In a way, Jane Austen, like any famous dead writer, now suffers from the fame. We know all her novels have happy endings, so that reduces the dramatic tension, and anyway, how many likely to read this book or “Pride and Prejudice” doesn’t know something of the plot already?

A popular game with writers who died quite young is to speculate on how they might have developed. You can’t be proved wrong. One thing I notice about “Persuasion” is that there’s a hint of social criticism. The heroine’s stupidly narrow and snobbish father has a title but is clearly meant to seem inferior to the rough-hewn, weather-beaten naval officers of modest origins he looks down on. I remember our teacher in the sixth form commenting that you could read “Pride and Prejudice” without realising there was a gruelling war going on. That would be impossible with “Persuasion”, set just after the Napoleonic Wars had ended and full of naval officers and references to military action. Patrick O’Brian or C.S. Forrester it is not, but when a naval officer remarks that a quiet and bookish colleague had proved himself in action, it’s entirely credible.

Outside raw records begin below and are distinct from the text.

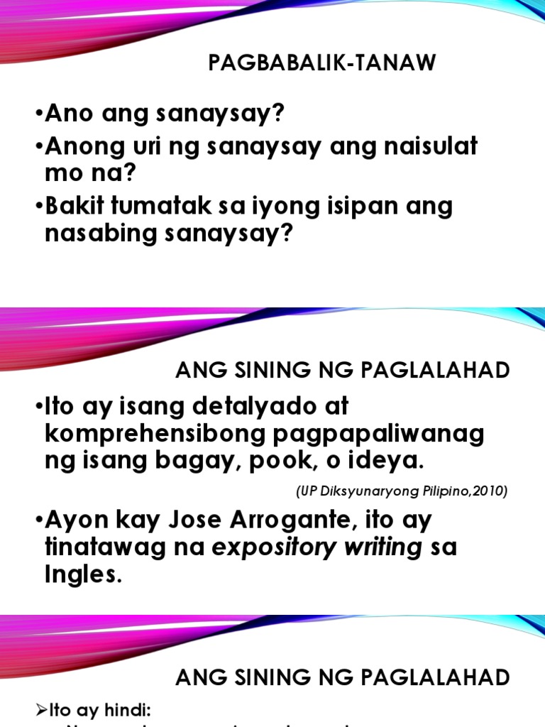 Mga Dapat Isaalang-alang sa Pagsulat ng Replektibong Sanaysay. Tiyak na paksa unang panauhan magtaglay ito ng patunay o patotoo pormal na salita tekstong naglalahad.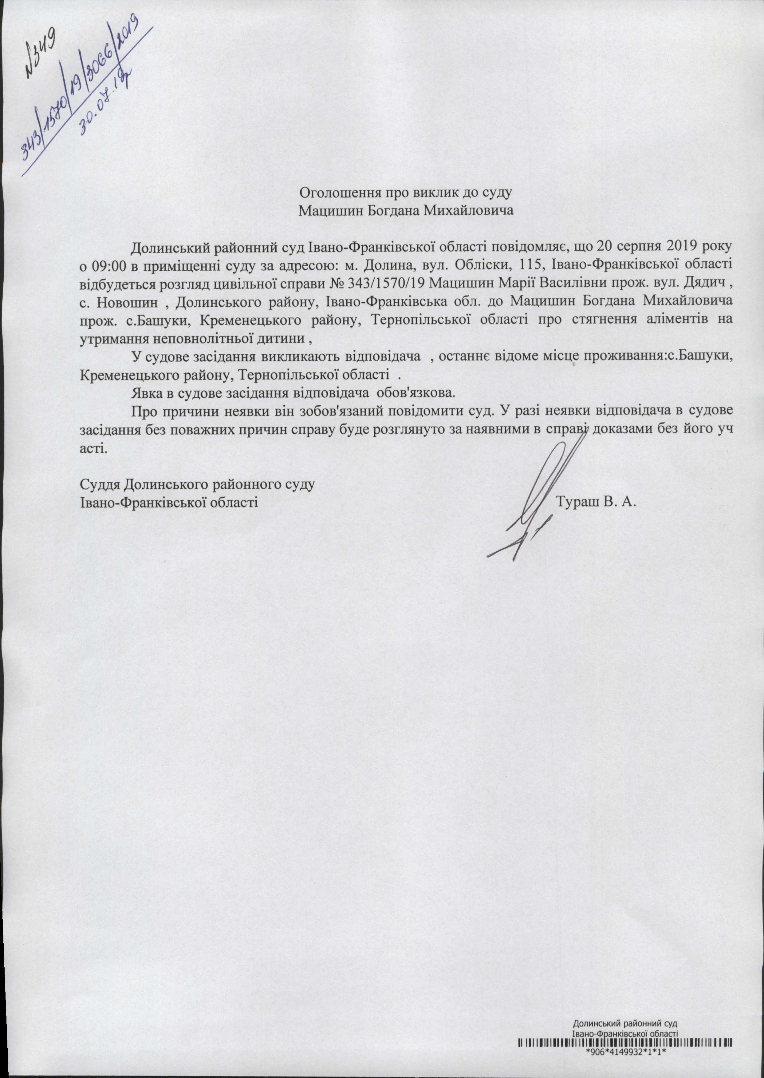 ОГОЛОШЕННЯ ПРО ВИКЛИК до СУДУ Мацишин Богдана Михайловича у цивільній справі № 343/1570/19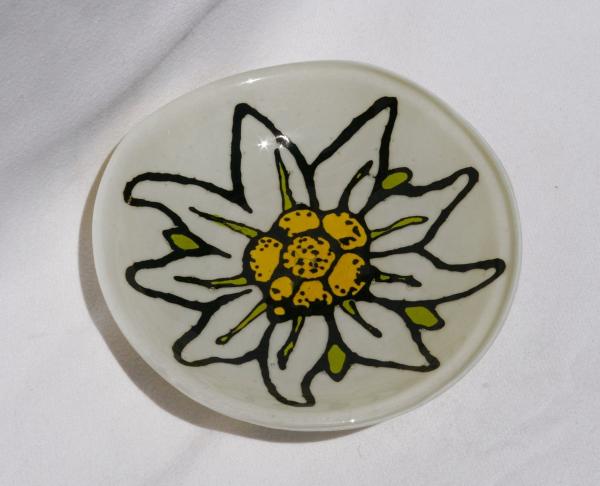 Petite assiette ronde couleur blanc cassé avec une peinture d'Edelweiss Diamètre: 15cm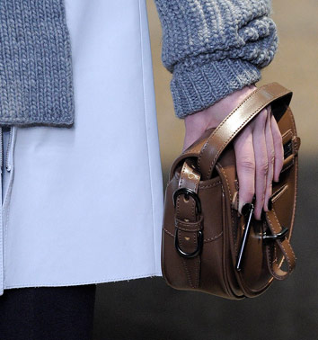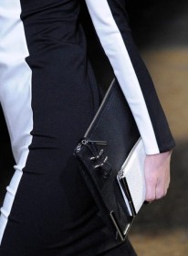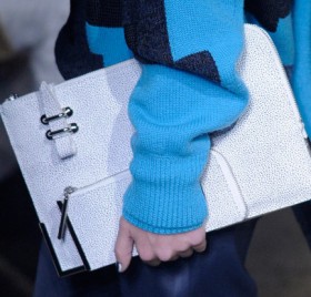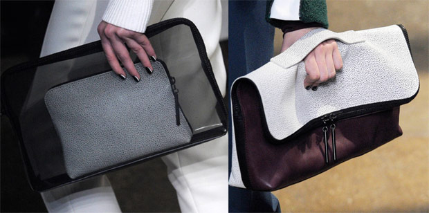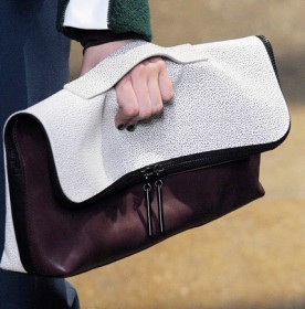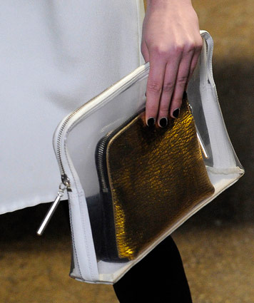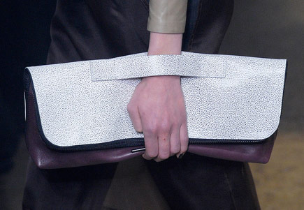 In a season where several major American accessories designers have opted to go with straight-up whimsy and humor, 3.1 Phillip Lim Fall 2012 took a much more intellectual approach. Building on the widespread critical success of his 31 Hour, Minute and Second bags from Spring 2012, fall’s runway collection marked a continued exploration of handbag structure and the ways that modern women interact with their accessories. Most of the larger clutches revealed small cosmetic bags inside, and the portfolio bags sported smaller exterior attached pouches.

Despite the hint of criticism of social norms, like other Jane Austen heroines, Anne does not rebel against the norms. In typically Austen style, there is the merest hint of something different in the recognition that naval officers in war might rise from very humble beginnings (more humble than she shows, because unlike in the army at this time, promotion from the ranks was by no means impossible).

Now imagine this is not a famous text, but something by new writer J. Nostyn. There’s just about enough action to give it a faint hope, but only just enough. There’s too much dialogue. Worse, the author offends against the injunction to show, not tell, for she spends nearly a page telling us what kind of a man Sir Walter is (though she also shows a lot about him as the tale develops). It’s also rather short and an agent might tell her to fill it out a bit. Maybe some flashbacks of the naval battles?

What do you think of Jane Austen? If you quite like her books, which one is the best for you?